Current issues this article does not address that actually constitute large parts of the "mess" of Linux Audio:

- channel mapping that is not transparent nor clearly assigned anywhere in userspace. (aka, why does my computer insist that my multi-input pro-audio interface is a surround-sound interface? I don't WANT high-pass-filters on the primary L/R pair of channels. I am not USING a subwoofer. WTF)

- the lack of a STANDARD for channel-mapping, vs the Alsa config standards, /etc/asound.conf etc.

- the lack of friendly nomenclature on hardware inputs/outputs for DAW software, whether on the ALSA layer, or some sound-server layer. (not to mention that ALSA calls an 8-channel audio-interface "4 stereo devices")

- probably more, but I can't remember. My current audio production systems have the DAW software directly opening an ALSA device. I cannot listen to audio elsewhere until I quit my DAW. This works and I can set my latency as low as the hardware will allow it.

this is the thing: more than about 10ms latency is unacceptable for audio recording in the multitrack fashion, as one does.


> The "mess" of Linux audio is due to ONE reason: single-client ALSA driver model.

This is one of the major reasons why Linux accessibility sucks IMO.

Audio is one thing that you need to "just work™" if you want to get accessibility right, as there's no way for a screen reader user to fix it without having working audio in the first place[1]. On Linux, it does not "just work", and different screen readers have different ideas on how they want audio to be handled. In particular, the terminal Speakup screen reader (with a softsynth) wants exclusive control of your device through ALSA IIRC, while the Orca screen reader for the GUI goes through Pulse. That makes it impossible to use both of them at the same time.

[1] Well, you can sort of fix it by having a second machine and SSHing into the broken one, but that's not what I mean.


> the terminal Speakup screen reader (with a softsynth) wants exclusive control of your device through ALSA

If you have Pulseaudio or Pipewire, they add a plugin to ALSA library that reroutes audio to audio daemon, so ALSA applications should work correctly.


I would be surprised if Orca did use Pulse directly, it uses speech-dispatcher (IIRC) which then uses PA if configured that way.

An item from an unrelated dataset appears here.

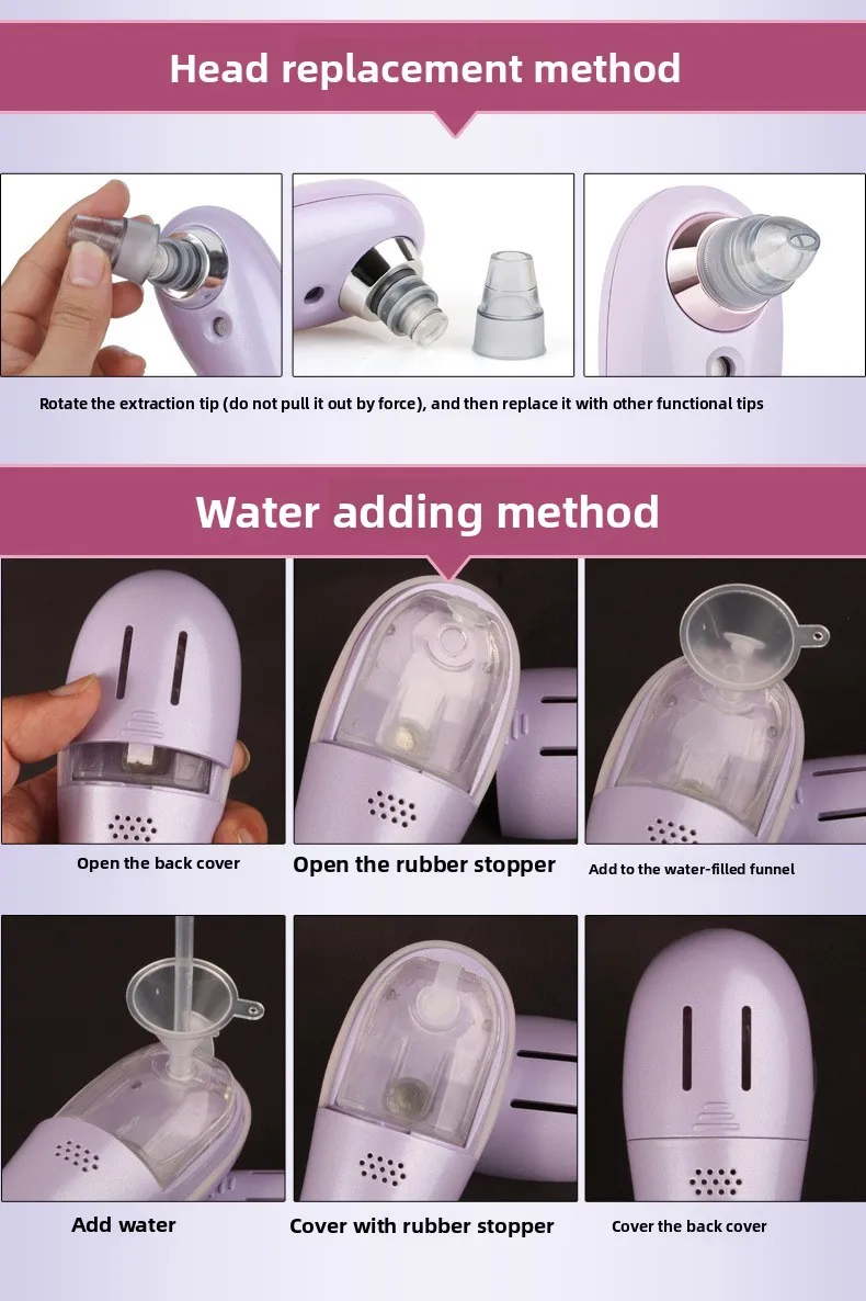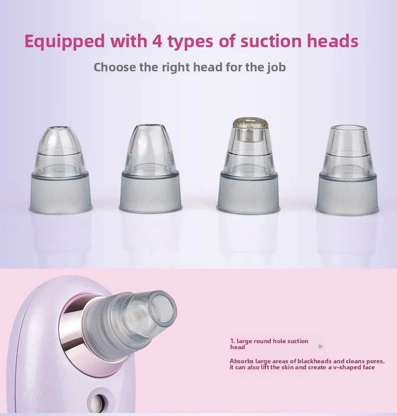 • Multiple Attachments: Comes with four interchangeable suction heads to target different areas of the face.
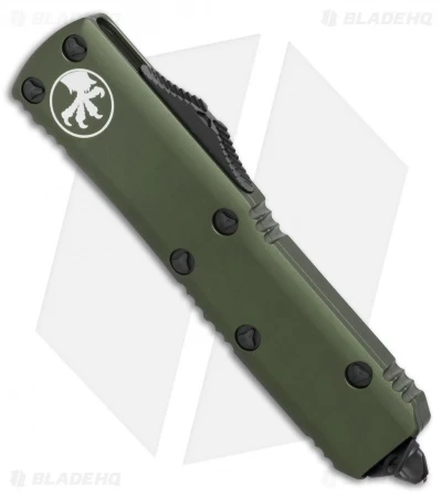 This UTX-85 model has a partially serrated, black finished Bohler M390 steel blade. The 6061-T6 aluminum handle is OD green anodized and outfitted with black finished hardware, pocket clip, and glass breaker tip.

Also, Accessibility != Audio. I, for instance, use Braille only. No need for speech synthesis. So equating Accessibility issues wth the crazy audio stack is a little bit too simple.


I mean... I've never seen a single audio issue on Linux. It does "just work" in my experience. I realize the people citing issues in this thread aren't just making shit up for the fun of it, but I think there's a lot of going too far and saying it sucks for everyone when it seems to work just fine for most.


I disagree.

Applications want to receive/provide a stream (X sample-rate, Y sample format, Z channels) and have it routed to the right destination, that probably is not configured with the same parameters. Having all applications responsible for handling this conversion is not doable. Having the kernel handle this conversion is not a good idea. The routing decision-making needs to be implemented somewhere as well. Let's not ignore the complexity involved in format negotiation as well.

The scenario of a DAW (pro-audio usage) is too specific to generalise from that. That is the only kind of software that really cares about codec configuration, latencies and picking its own routing (or rather to let the user pick routing from the DAW GUI).


> I am unclear why Jaroslav Kyocera chose to make ALSA single-client, but Apples CoreAudio multi-client driver model is the right way to do digital audio on general-purpose computing devices running multi-tasking OS'es on application processors, in my opinion.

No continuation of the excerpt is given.